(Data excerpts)
----

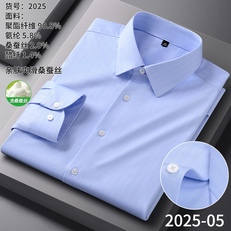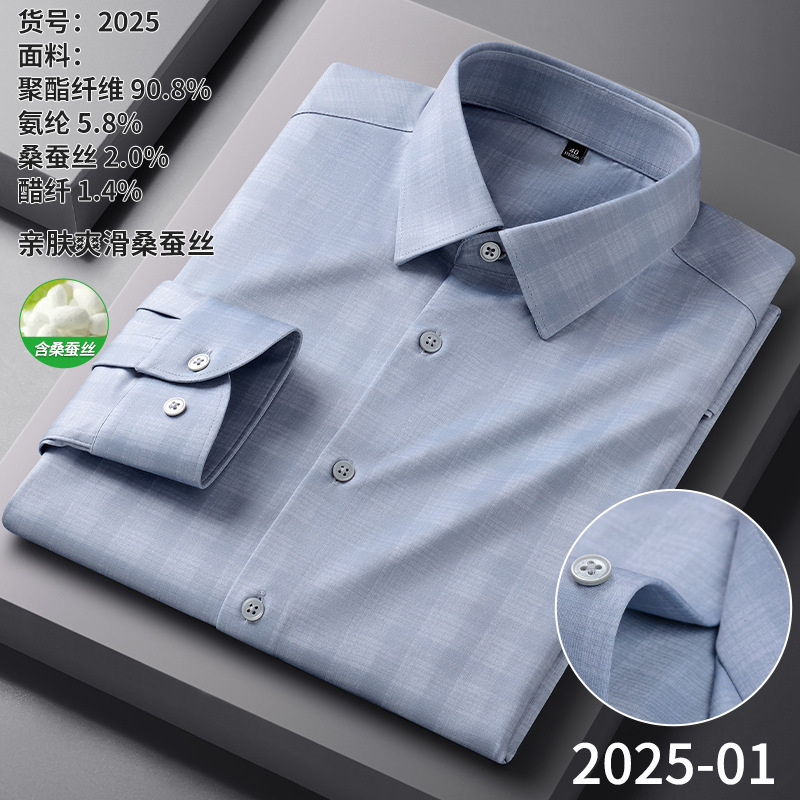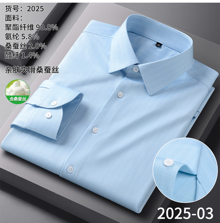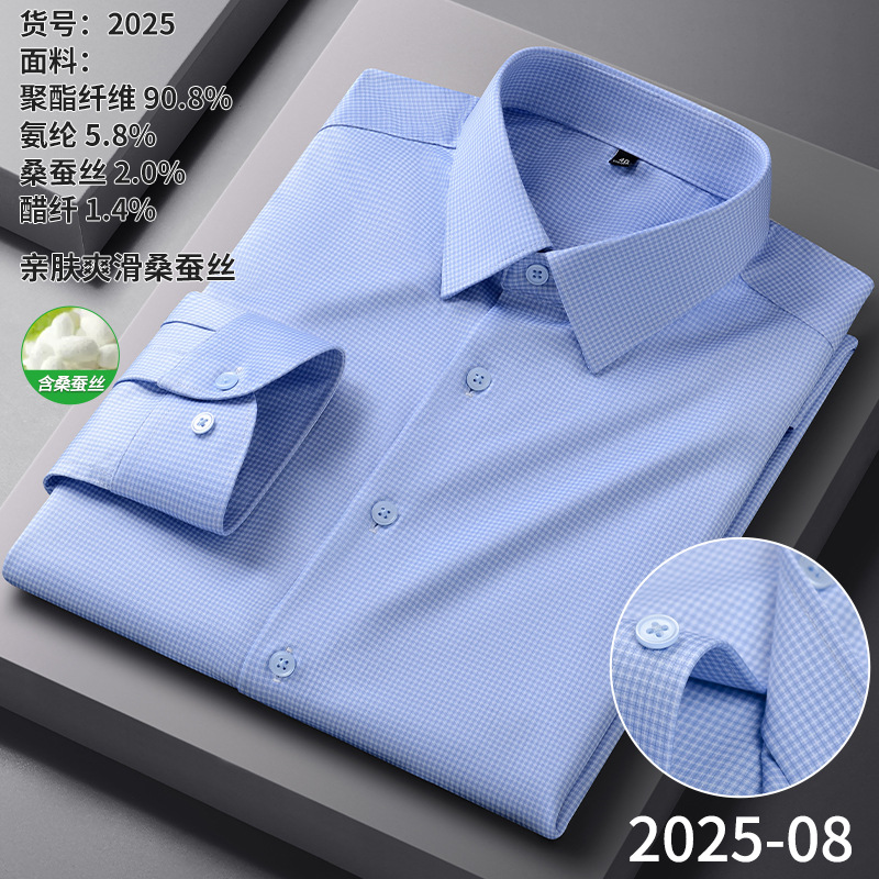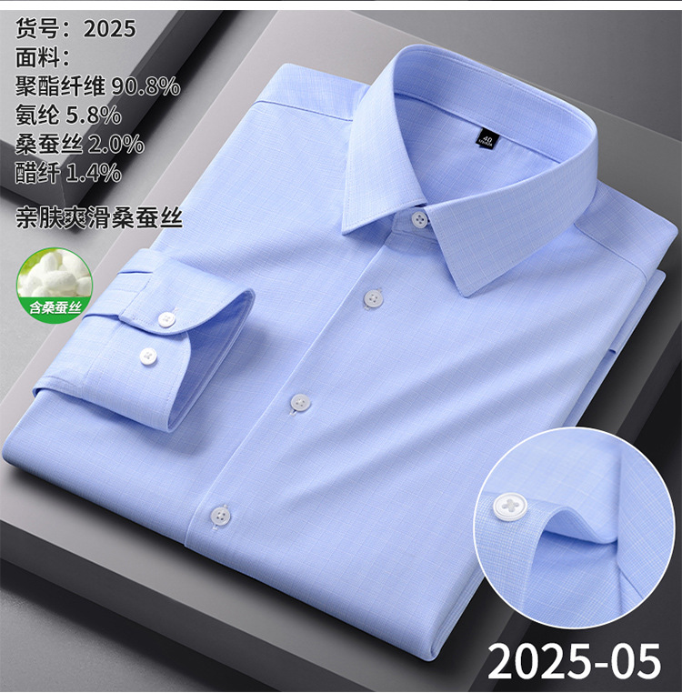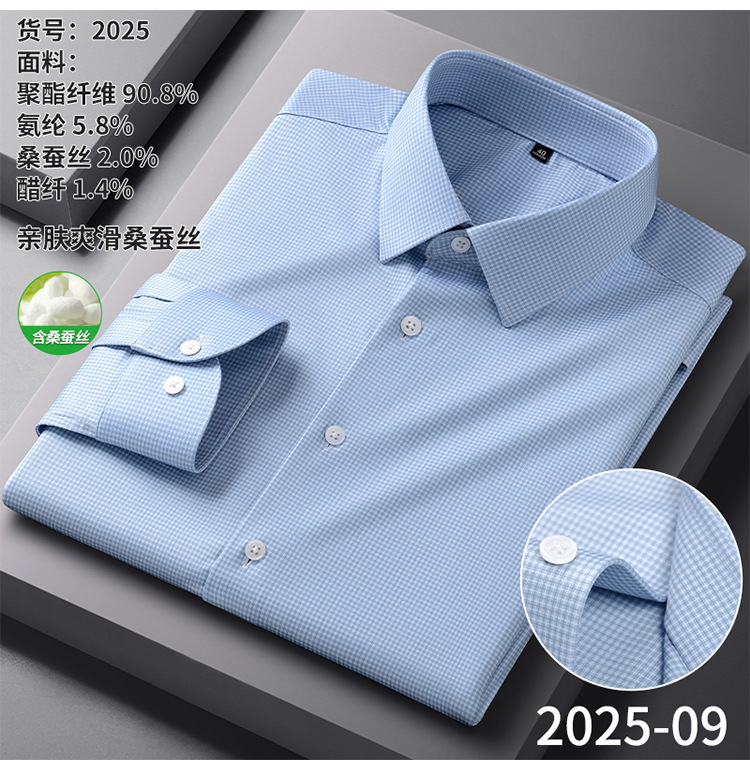 2025年高奢级格纹桑蚕丝男士长袖衬衫商务休闲免烫百搭开衫带弹力
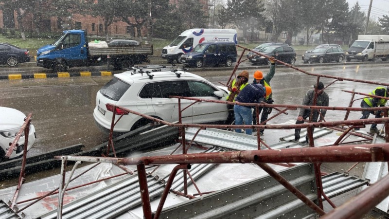 Schele de construcții prăbușite în Botoșani din cauza vântului puternic, două mașini avariate
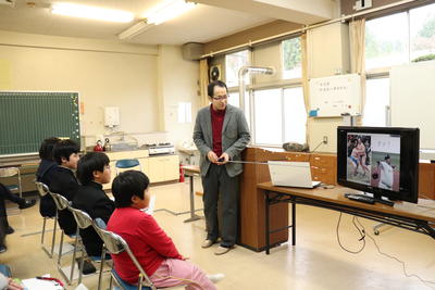 担任の先生と一緒に、「あらしのよるに」を音読しました。
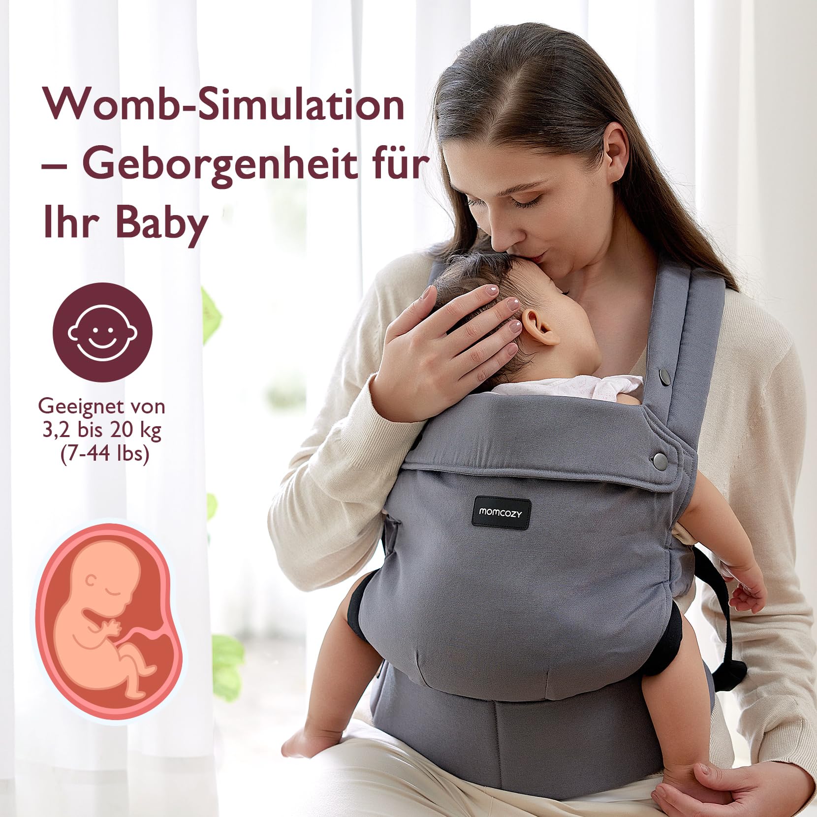 Momcozy Ergonomische Babytrage – Leicht & Komfortabel – Grau
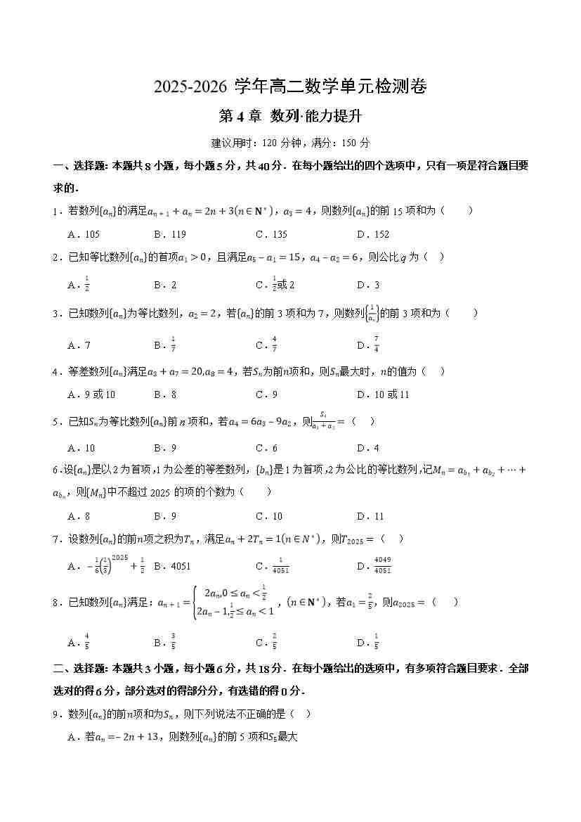 首页 > 全部 > 单元提升卷 > 第四章数列(单元测试·提升卷)(考试版A4)
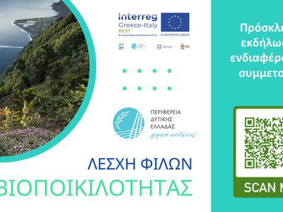 Η Περιφέρεια Δυτικής Ελλάδας συμμετέχει ως εταίρος στο έργο BEST «Addressing joint Agro - and Aqua – Biodiversity pressures Enhancing Sustainable Rural Development» («Αντιμετώπιση των κοινών πιέσεων στην Αγρο – και Υδρο – Βιοποικιλότητα, Ενίσχυση της Αειφόρου Αγροτικής Ανάπτυξης») στο πλαίσιο του προγράμματος συνεργασίας Interreg V/Α Ελλάδα Ιταλία (GR-IT) 2014-2020.
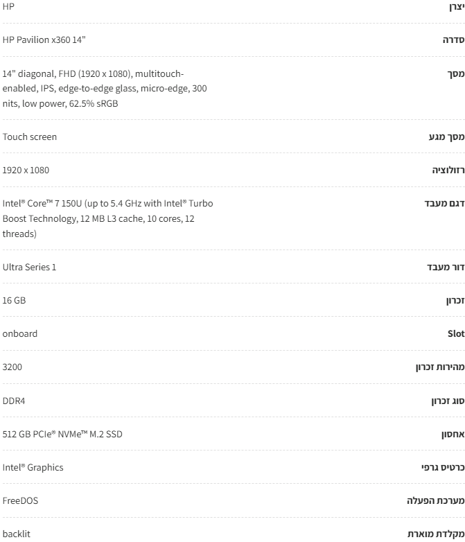 HP Pavilion x360 14" | 14 | Core™ 7 | 16 GB | 512 GB | Intel® Graphics | FreeDOS | HP 3 year 3 day Onsite 2 year warranty Notebook Service.
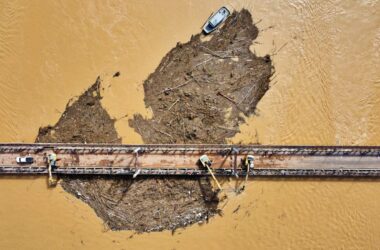 Participação de Whidy Melo Engenheiros e técnicos do DERACRE que atuam na retirada de balseiros sob a ponte Juscelino Kubitschek, no centro de Rio Branco,
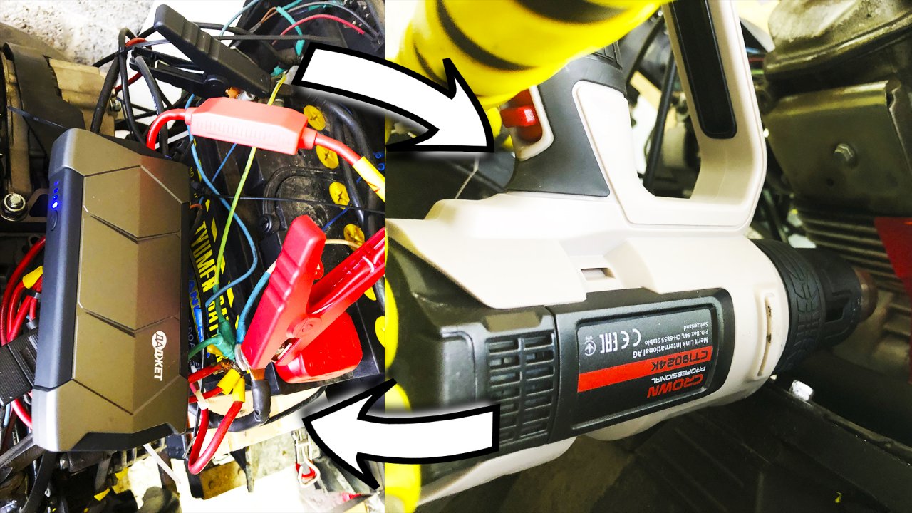 ЗАВОДИМ В -25 мотоблочный двигатель. Строительный фен CROWN и мини пусковой ДАДЖЕТ 8000 мАч в помощь
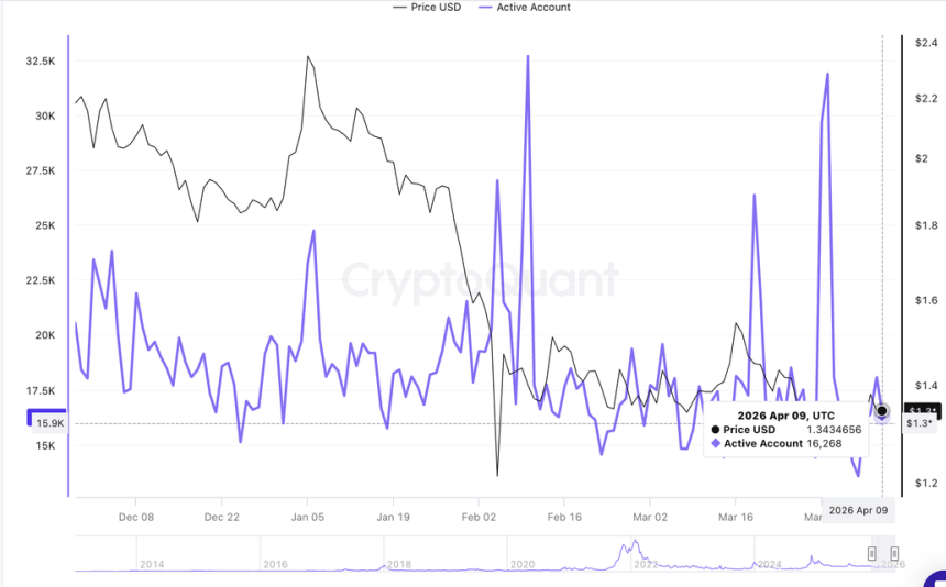 The number of addresses actively transacting on the $XRP Ledger (XRPL) by sending or receiving assets has declined to near 16,000 as of Thursday, from roughly 18,000 the previous day.
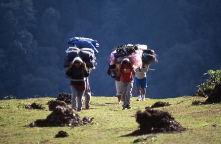 Day 12 - 20 Oct 2004. The porters, well laden, even 12 days into the trek. |
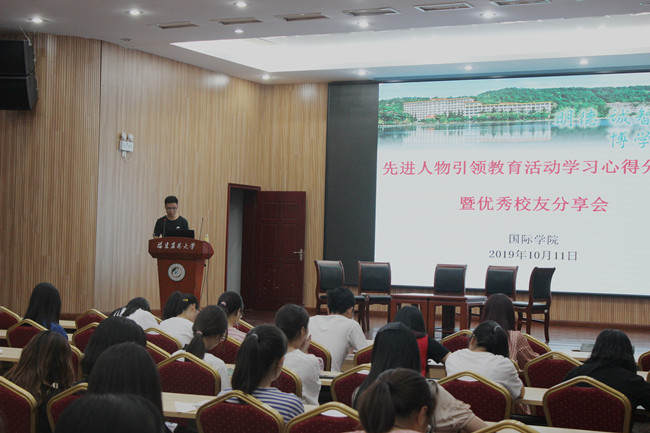 10月11日晚,国际学院在常盛会议中心举办先进人物引领教育活动学习心得分享会暨优秀校友事迹分享会。潘雪、高沈辉、傅旻昊、陈黄亦锌和马凯镇5位优秀校友,学院党委副书记叶扬捷、辅导员和2019级新生代表120余人参加了此次活动。分享会由2017级生态学中加班王云翰同学主持。
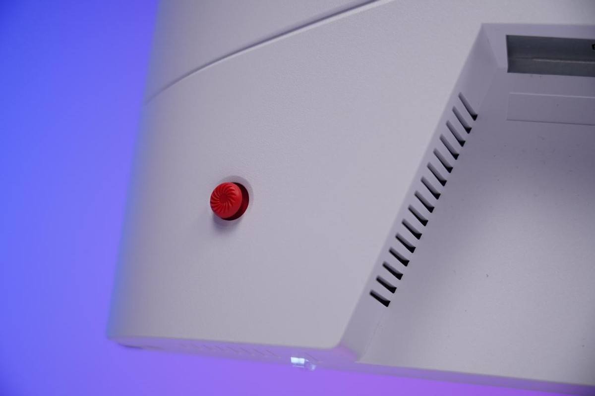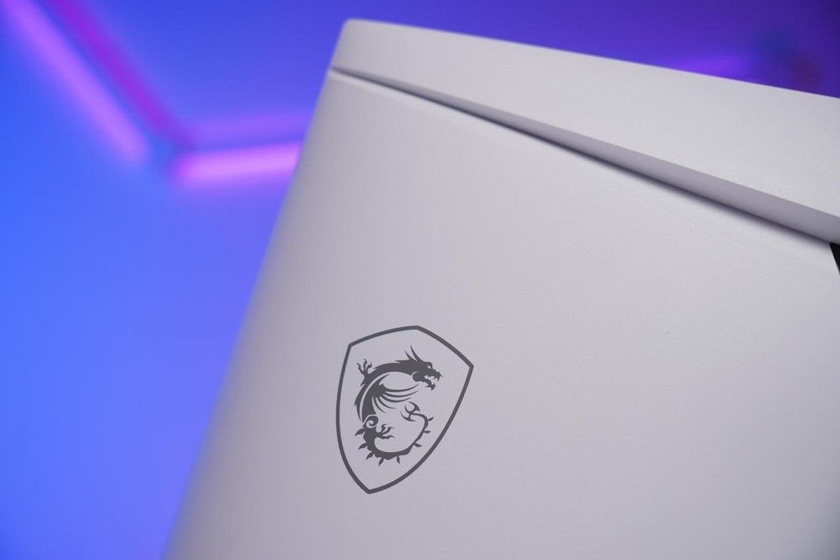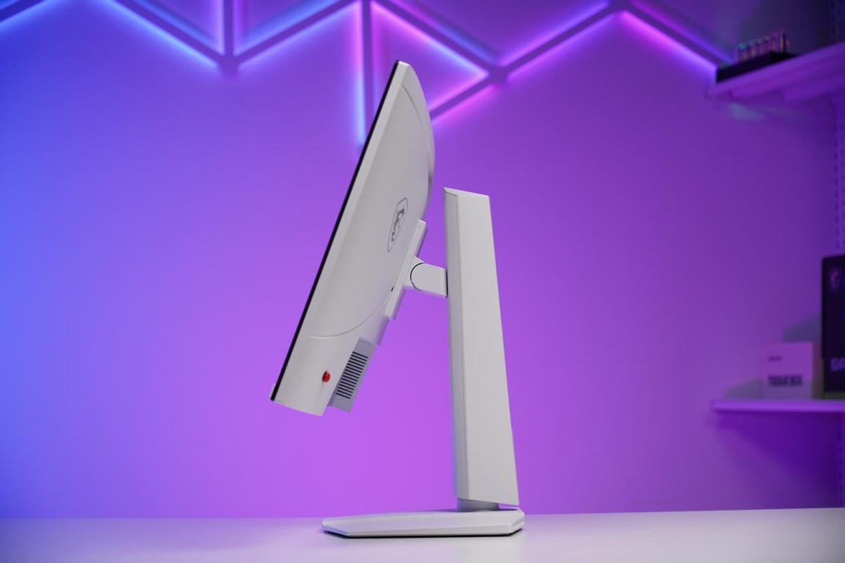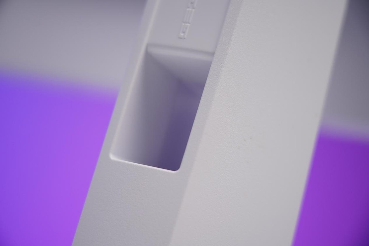 背部白色机甲风的和微星其他款显示器都很接近,不规则几何方块拼接+电竞氛围灯。
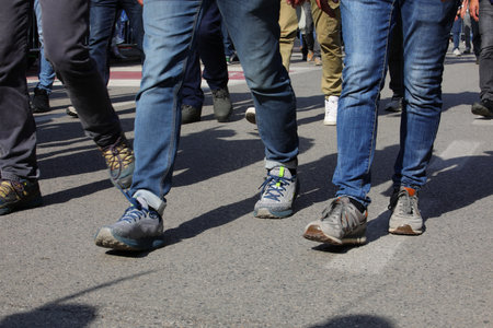 shoes and legs of many men walking in the city during the peaceful protest demonstration
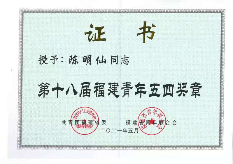 授予陳明仙同志第十八屆“福建青年五四獎章”(青年科教人才)

----

Activity ▸ For this exercise, return the data above exactly and leave every picture out.

Response to this task ▸
 2025年高奢级格纹桑蚕丝男士长袖衬衫商务休闲免烫百搭开衫带弹力
 Schele de construcții prăbușite în Botoșani din cauza vântului puternic, două mașini avariate
 担任の先生と一緒に、「あらしのよるに」を音読しました。
 Momcozy Ergonomische Babytrage – Leicht & Komfortabel – Grau
 首页 > 全部 > 单元提升卷 > 第四章数列(单元测试·提升卷)(考试版A4)
 Η Περιφέρεια Δυτικής Ελλάδας συμμετέχει ως εταίρος στο έργο BEST «Addressing joint Agro - and Aqua – Biodiversity pressures Enhancing Sustainable Rural Development» («Αντιμετώπιση των κοινών πιέσεων στην Αγρο – και Υδρο – Βιοποικιλότητα, Ενίσχυση της Αειφόρου Αγροτικής Ανάπτυξης») στο πλαίσιο του προγράμματος συνεργασίας Interreg V/Α Ελλάδα Ιταλία (GR-IT) 2014-2020.
 HP Pavilion x360 14" | 14 | Core™ 7 | 16 GB | 512 GB | Intel® Graphics | FreeDOS | HP 3 year 3 day Onsite 2 year warranty Notebook Service.
 Participação de Whidy Melo Engenheiros e técnicos do DERACRE que atuam na retirada de balseiros sob a ponte Juscelino Kubitschek, no centro de Rio Branco,
 ЗАВОДИМ В -25 мотоблочный двигатель. Строительный фен CROWN и мини пусковой ДАДЖЕТ 8000 мАч в помощь
 The number of addresses actively transacting on the $XRP Ledger (XRPL) by sending or receiving assets has declined to near 16,000 as of Thursday, from roughly 18,000 the previous day.
 Day 12 - 20 Oct 2004. The porters, well laden, even 12 days into the trek. |
 10月11日晚,国际学院在常盛会议中心举办先进人物引领教育活动学习心得分享会暨优秀校友事迹分享会。潘雪、高沈辉、傅旻昊、陈黄亦锌和马凯镇5位优秀校友,学院党委副书记叶扬捷、辅导员和2019级新生代表120余人参加了此次活动。分享会由2017级生态学中加班王云翰同学主持。
 背部白色机甲风的和微星其他款显示器都很接近,不规则几何方块拼接+电竞氛围灯。
 shoes and legs of many men walking in the city during the peaceful protest demonstration
 授予陳明仙同志第十八屆“福建青年五四獎章”(青年科教人才)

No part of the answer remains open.